I felt they belabored the fact that the Leo DiCaprio character was a washed-up actor; I felt they spent too much time establishing that in the beginning of the film. I'm like 'OK, we get it.' It took me a bit to get into the movie at the beginning for that reason... but once I got into it, I was really into it.
Well put & I agree.

Quote:
Originally Posted by sopas ej View Post

I also kept looking at little details, too... and of course I understand not being able to totally recreate 1969 Los Angeles, but I was kind of disappointed that they couldn't recreate the "shoe-box"-style streetlights that Hollywood Boulevard would have had back then
I remember when those streetlights were installed. Thank god they are gone!

Quote:
Originally Posted by sopas ej View Post

Also, the film is helping me look back on that era with a different perspective. When I was younger, I felt that the late 1960s was when things started going "downhill" in terms of the look of things and the way LA looked, but maybe it's because now, 1969 is already 50 years ago, and it's now acquired a patina that makes it look like an era lost?
I recently heard somebody mention 1969 as Hollywood's Golden Era. Please

I was selling the Free Press in front of the Pandora's Box site in 1967 and later on the northeast corner of Hollywood Boulevard and Cherokee Avenue. I was a distributor to the hippies that milled around and sold the paper for fifteen cents. There was a Rexall Drugstore on the corner and I remember the pharmacist came outside one day and took me aside. He asked me to move to another location. He was losing business. I didn't move and he soon closed the drugstore. I still feel guilty about that. 1969 was the beginning of the first downward spiral of Hollywood Boulevard.
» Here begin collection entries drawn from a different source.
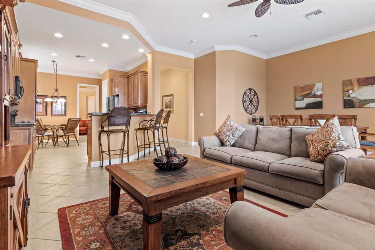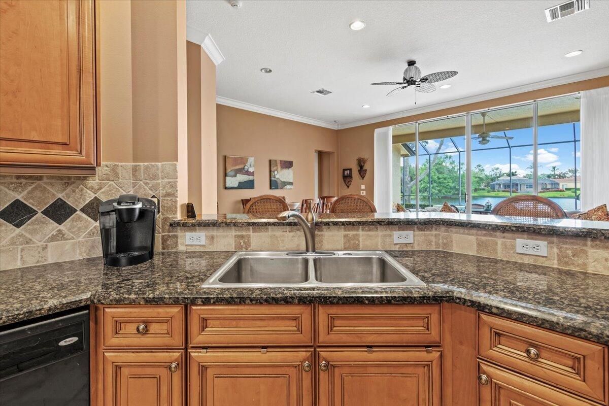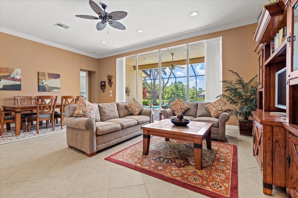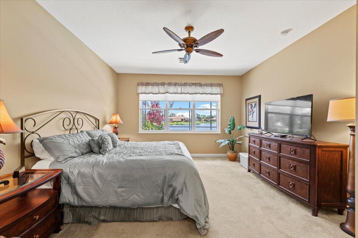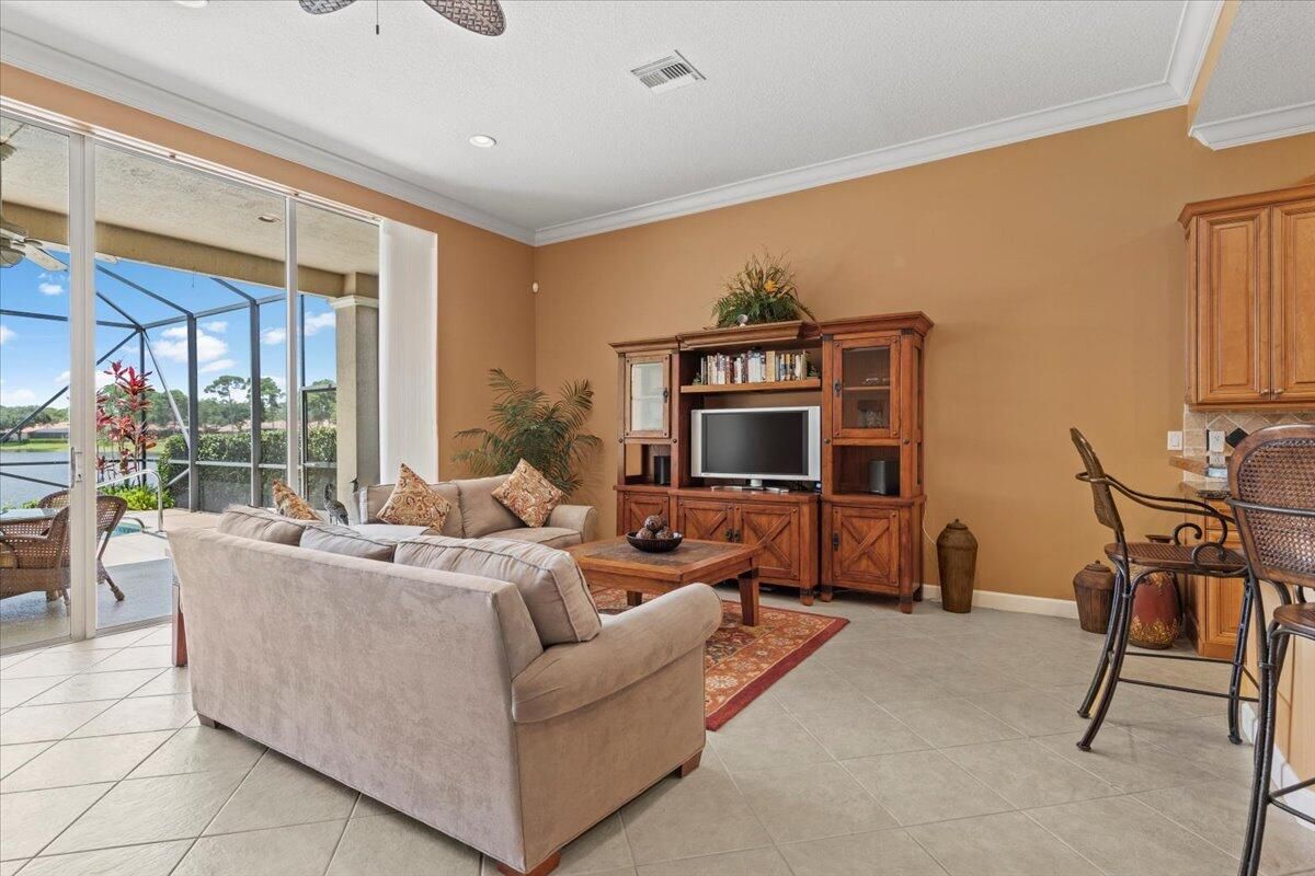 Step into luxury with this stunning Medinah model boasting 3-bedroom, 3-bathroom and a pool with breathtaking long lake views. As you enter through the double doors, you're greeted by a gourmet kitchen featuring double ovens, a cook-top range, granite countertops, and stone backsplash. The home is adorned with crown molding, decorative light fixtures, and fans throughout. Unwind and entertain on the beautiful lanai overlooking the sparkling pool and lake view. This home also offers convenient roll hurricane shutters and marvelous, lush landscaping. Too many other desirable features to mention here so make a call for an appointment and come and see it! Call now!
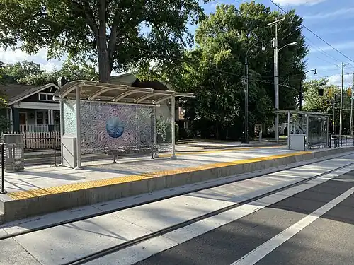 Sunnyside Avenue is a streetcar station in Charlotte, North Carolina. The at-grade island platform on Hawthorne Lane is the eastern terminus of the CityLynx Gold Line and serves the Elizabeth neighborhood.
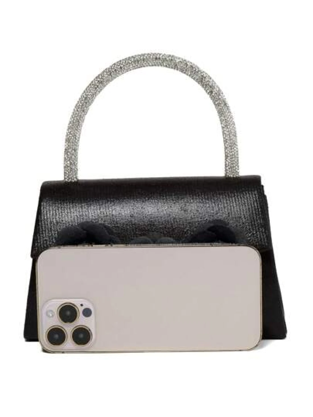 1 قطعة حقيبة يد مسائية مرصعة بالأحجار الكريمة على المقبض للإمساك المريح، تحتوي على الضروريات مثل الهاتف والأحمر الشفاه ومساحيق التجميل ومفتاح السيارة، مناسبة للمناسبات الرسمية بنسيجها المخملي الأسود الفاخر والأحجار الكريمة الرائعة
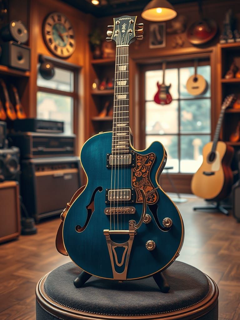 A striking picture of a blue vintage electric guitar displayed on a velvet pedestal in a music shop. Golden lighting and warm wooden accents provide a cozy retrofuturistic atmosphere.

That Rexall was once a Sontag drugstore and later a Love's restaurant. That address had many incarnations, but my best memory is sitting at the soda fountain at Rexall and ordering a ten cent Coke in a paper cone with crushed ice in a black plastic hour glass style holder. There were drugstore lunch counters all over Hollywood Boulevard back in the day, as well as ones at Woolworth's and Newberry's.